The Long-Awaited GlüStV is Finally Approved
North Rhine-Westphalia took its sweet time with the GlüStV, but after the state parliament gave its nod during the second reading, the treaty has gained approval from all 16 federal states. The law was initially met with some resistance as it involved discussing legalizing gambling with gambling experts. Though the law has now been ratified, not everyone is happy about it.
The vote happened on April 28th, with the governing CDU and FDP factions supporting the new gambling law, the Greens abstaining, and the SPD voting against. The AfD, which also voted against it in other states, this time supported the law.
Opposition parties criticized the supposedly inadequate player protection that would come with the legalization, but didn't block the law. They argued that the digitalization of gambling should not be ignored.
Minister President and Governor candidate Armin Laschet (CDU) also spoke up in favor, calling it a good compromise. He emphasized that a ban on online gambling was ineffective, as it was happening on the black market regardless. Laschet urged against over-regulation, as players will just retreat back into illegality.

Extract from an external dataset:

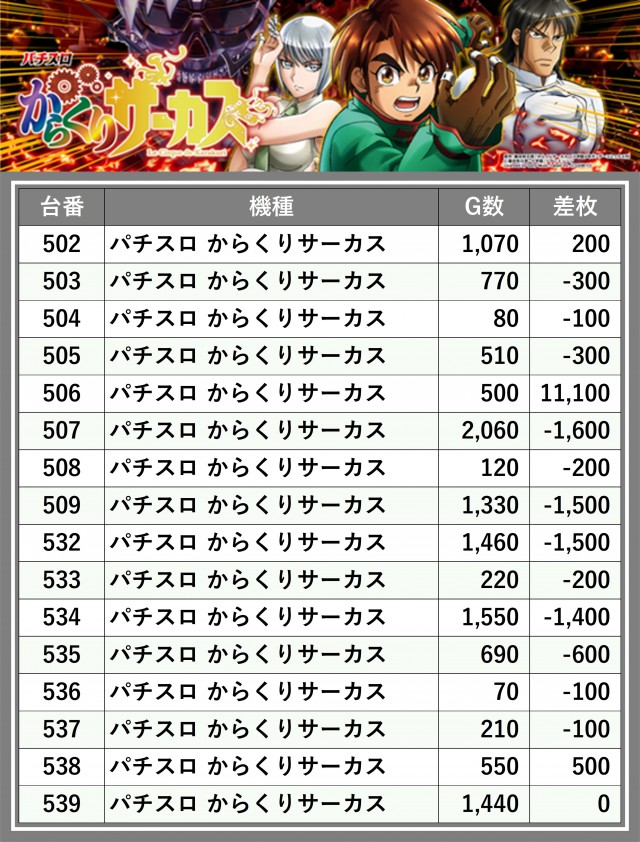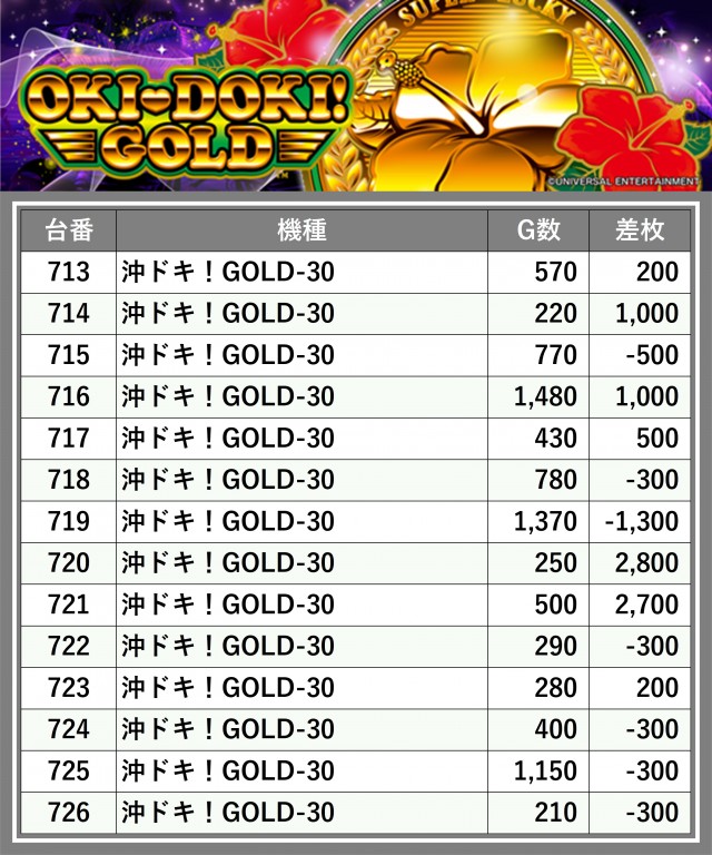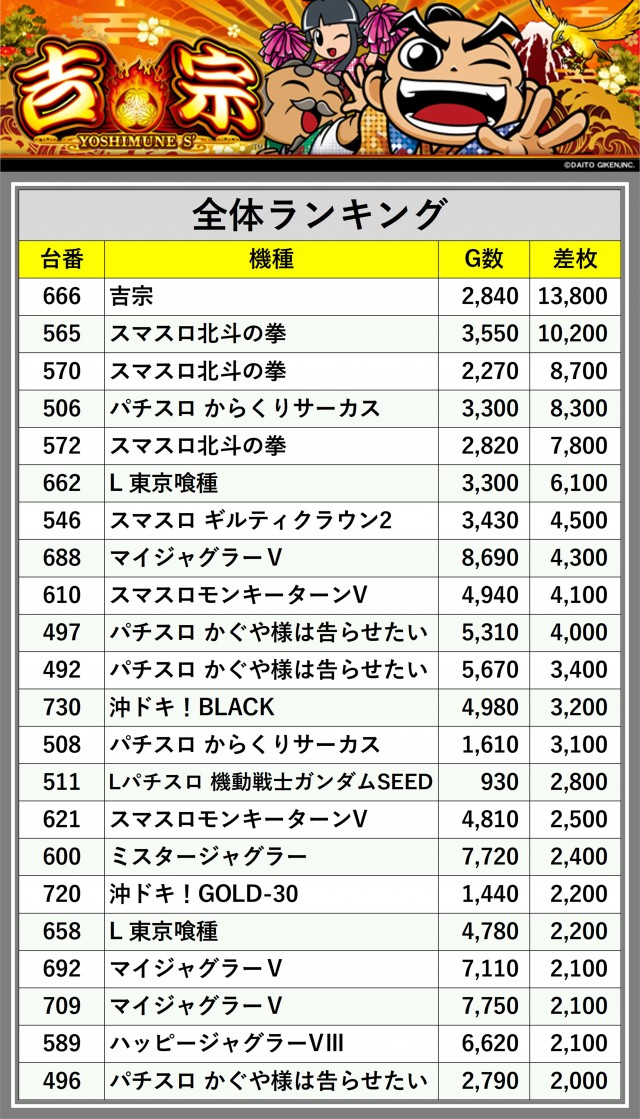 厳選された取材対象機種をはじめ、その他スロット全体から好記録が飛び出した!プレイヤーが楽しんだ1日を下記データにて振り返ってみて欲しい。

Controversial Gambling Law
Criticism of the player protection provisions in the new gambling law doesn't come only from associations like the DAW (Deutsche Automatenwirtschaft e.V.). State parliamentary groups have also voiced their concerns. The CDU and Left Party in Saarland, along with the FDP and Greens in Lower Saxony, have all raised concerns. However, the regulations were developed based on successful models in Europe's regulated markets.
The GlüStV introduces various restrictions. For instance, there's an advertising restriction, a betting limit of €1000 per month, a €1 betting limit per spin for online slot machines, and a ban on live betting and table games like roulette and blackjack. The federal states also have the option to issue licenses for these two sectors, such as the state lottery. Other regulations include early warning and blocking systems.
Cutting-edge providers of online gambling depend on advanced algorithms that detect problematic gaming patterns and set off alarms. These exclusion and blocking systems are crucial for preventing gambling-related damage. They're also necessary to obtain a gaming license in Germany.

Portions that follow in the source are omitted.